INFORMATION SUPPLIED:
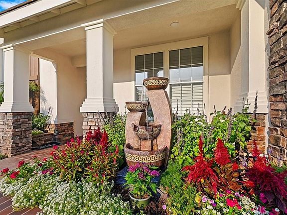 dual vanities, a third vanity area, a roman tub, and elegant travertine and marble finishes. The outdoor space is designed for relaxation and entertainment, featuring a resort-style PebbleTec waterfall pool and spa surrounded by lush landscaping. The property also includes a wide driveway and a two-car garage. Come experience this magnificent home—your perfect blend of luxury and comfort awaits
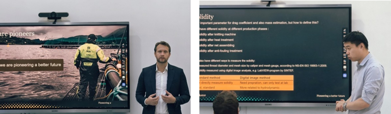 10月27日,Hosaas总监到访花椒直播 海洋渔业技术实验室,参加国际合作导师的受聘会议。会议伊始,黄六一教授致欢迎词,通过宣传片全面展示了学院的发展历程和海洋渔业技术实验室的科研成果。在随后举行的合作导师聘任仪式上,正式聘请Arnstein Hosaas总监为花椒直播 合作导师。学术交流与讨论环节,Hosaas总监首先向与会人员分享了挪威AKVA集团的发展历程、市场经营及其在海洋养殖装备与系统研发领域内的前沿技术与创新实践。另外,程晖博士围绕养殖网箱水动力研究的相关内容进行专题报告。最后,黄六一教授则就研究室近年来在海洋牧场、海水养殖装备等相关领域内的研究进展做了介绍。双方就共同关注的深远海养殖网箱装备研发技术难题进行了热烈讨论。
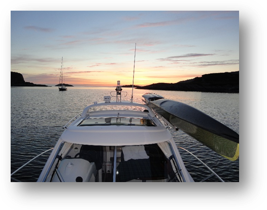 They had spotted my River Racer on 'Tiptoe', and one of them, with his own yacht, had read about ‘Tiptoe’ + kayak in 'Yachting Life'. (photo shows racing kayak on roof of ‘Tiptoe’, moored in bay at north end of Jura with the west entrance to the Corryvreckan in the background, at 10pm, taken the previous year in June) I enjoyed a short exchange of news with my old friends, but they were keen to keep going because there was only another half hour of tide at Cuan Sound, and they were certainly not going to zip up it at 4 knots. So, no cups of tea for them on board the ‘mother ship’ I’m afraid. 😊

GOAL OF THE EXERCISE: Retype each line above exactly and leave out any picture.

ANSWER TO THE EXERCISE:
 dual vanities, a third vanity area, a roman tub, and elegant travertine and marble finishes. The outdoor space is designed for relaxation and entertainment, featuring a resort-style PebbleTec waterfall pool and spa surrounded by lush landscaping. The property also includes a wide driveway and a two-car garage. Come experience this magnificent home—your perfect blend of luxury and comfort awaits
 10月27日,Hosaas总监到访花椒直播 海洋渔业技术实验室,参加国际合作导师的受聘会议。会议伊始,黄六一教授致欢迎词,通过宣传片全面展示了学院的发展历程和海洋渔业技术实验室的科研成果。在随后举行的合作导师聘任仪式上,正式聘请Arnstein Hosaas总监为花椒直播 合作导师。学术交流与讨论环节,Hosaas总监首先向与会人员分享了挪威AKVA集团的发展历程、市场经营及其在海洋养殖装备与系统研发领域内的前沿技术与创新实践。另外,程晖博士围绕养殖网箱水动力研究的相关内容进行专题报告。最后,黄六一教授则就研究室近年来在海洋牧场、海水养殖装备等相关领域内的研究进展做了介绍。双方就共同关注的深远海养殖网箱装备研发技术难题进行了热烈讨论。
 They had spotted my River Racer on 'Tiptoe', and one of them, with his own yacht, had read about ‘Tiptoe’ + kayak in 'Yachting Life'. (photo shows racing kayak on roof of ‘Tiptoe’, moored in bay at north end of Jura with the west entrance to the Corryvreckan in the background, at 10pm, taken the previous year in June) I enjoyed a short exchange of news with my old friends, but they were keen to keep going because there was only another half hour of tide at Cuan Sound, and they were certainly not going to zip up it at 4 knots. So, no cups of tea for them on board the ‘mother ship’ I’m afraid. 😊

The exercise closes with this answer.